You can always test for grey if you don't want to wait.

A good horse is any color, right? Glad he is proving himself already


----------



## QtrBel (May 31, 2012)

Unless that stallion is homozygous for roan there is only a 50% chance he will pass it on.


----------



## trailhorserider (Oct 13, 2009)

I wonder if the hairs at the base of his tail bone are white? That is where I first saw grey on my colt. Not around his eyes or anywhere else, but the hair in his tail. It was pretty much there from birth, or close to it. 



He does look like he has a lot of white in his tail, but it's hard to tell if it's just frosting on the outer hairs or not.


I would guess grey. Just because he has so many white hairs already. BUT, I have never owned a true roan so I'm not sure how quickly they roan out. It probably varies just like greys can vary. But that's just a total guess, with about 50% odds of being correct! :biggrin:


----------



## trailhorserider (Oct 13, 2009)

QtrBel said:


> Unless that stallion is homozygous for roan there is only a 50% chance he will pass it on.



Same with grey. Rarely do you have to wonder which one it is. Or maybe even both. :lol:


----------



## LoriF (Apr 3, 2015)

He's definitely not strawberry roan. I would say that he is grey, but definitely born bay not red.


----------



## QtrBel (May 31, 2012)

Just to clarify my reply (post 13) is in response to part of post 8 by the OP:


"I am picking another foal next spring in which the sire is a blue roan from a Grulla mare or a dark bay mare (both) have been bred by the blue roan. So if I don’t get a roan this time the next foal should be. It’s fun trying to figure out their coloring."
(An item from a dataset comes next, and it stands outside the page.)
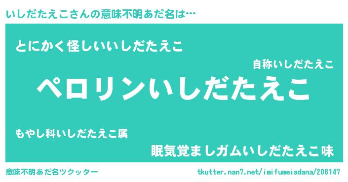 | ピコ太郎風あだ名 | 『イコ二郎』『イシ太郎』『イイ太郎』 |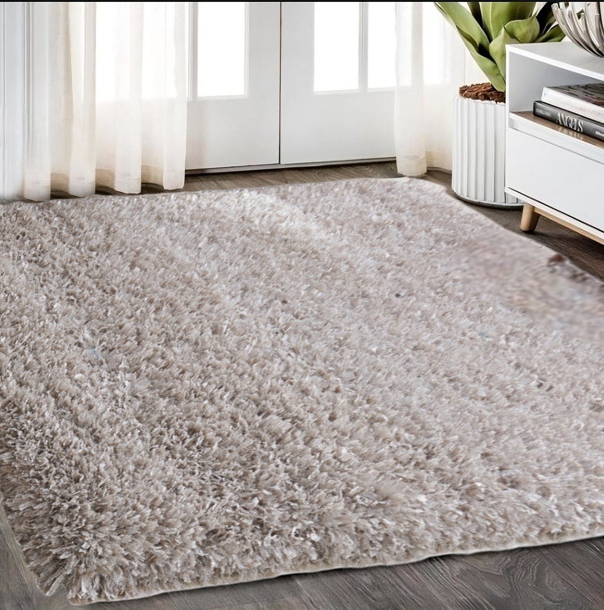 8' x 11' Beige Shag Hand Tufted Area Rug

A roan will have evenly spaced white throughout the coat on the body but not the face and legs. It can be so thick a horse appears gray but there will be no further whitening with age. You could test for both or just wait and see what happens over the next couple of years.


----------



## StoneH (Aug 4, 2018)

His color is changing drastically.


----------



## JCnGrace (Apr 28, 2013)

That will happen a couple of times a year with a roan.


----------